Created by Twitch streamers ShineyPen, Lucia Everblack, and RekitRaven, the walkout aims to bring greater awareness to the problems creators are suffering on Twitch.
Twitch promises that change to better protect creators is coming, but the walk-out this week shows how millennials and Gen-Z are far more comfortable using people-power to push for change than the generation before them, as we’ve seen in the push for unionisation in the US media industry, driven by staff in their 20s and 30s who want better working standards.
Another form of user protest got results this week over at Reddit, where many in the community were disappointed at CEO Steve Huffman’s decision to allow vaccine misinformation on the platform.

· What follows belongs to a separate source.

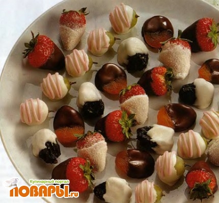 Поломайте во вторую кастрюльку шоколад, растопите его на водяной бане, добавив 1 ст. л. воды. Когда шоколад станет жидким, обмакивайте некоторые фрукты в шоколад и оставляйте застывать на пекарской бумаге.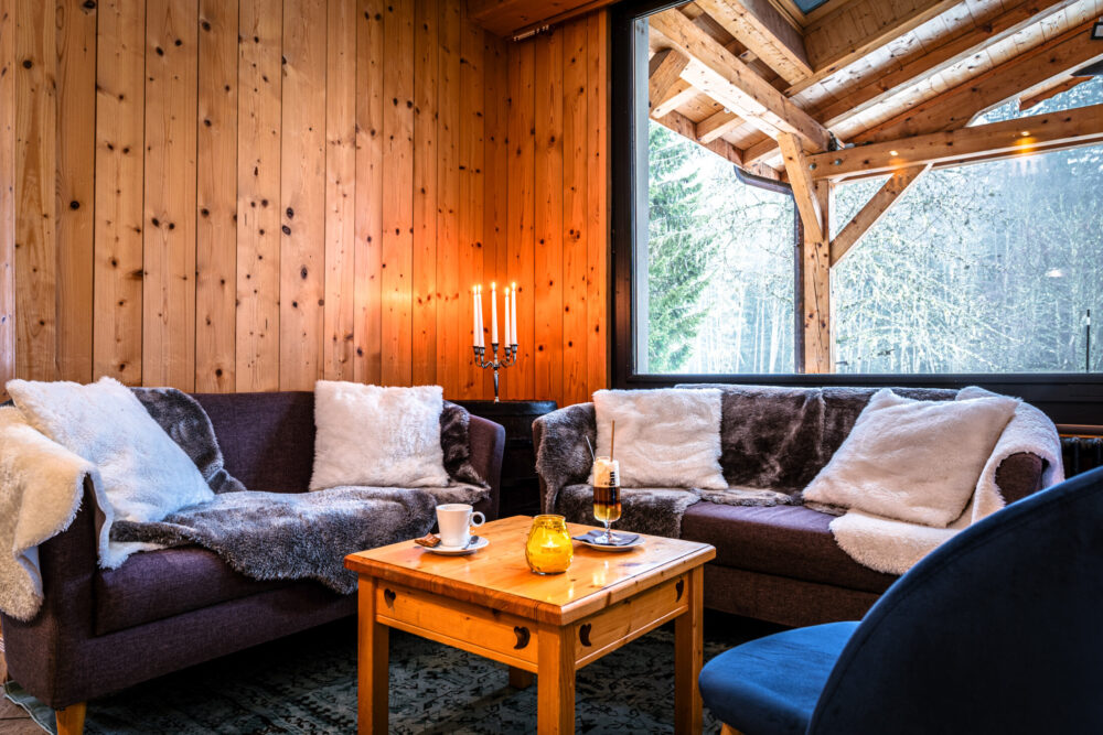 In the heart of Chamonix, nestled in a pine forest, on the cross-country ski trails and hiking and mountain biking trails facing the imposing Mont Blanc massif.

“Dissent is a part of Reddit and the foundation of democracy. Reddit is a place for open and authentic discussion and debate. This includes conversations that question or disagree with popular consensus,” he
wrote.
But when lives are at stake, many don’t see scaring people away from being vaccinated as a matter for debate. 135 subreddits went dark in a protest this week, stopping non-members from reading or joining their communities.
The move appeared to be enough to
prompt change, with Reddit taking action against many anti-Covid-vax communities just days after it had said they were welcome.
People power: it gets results.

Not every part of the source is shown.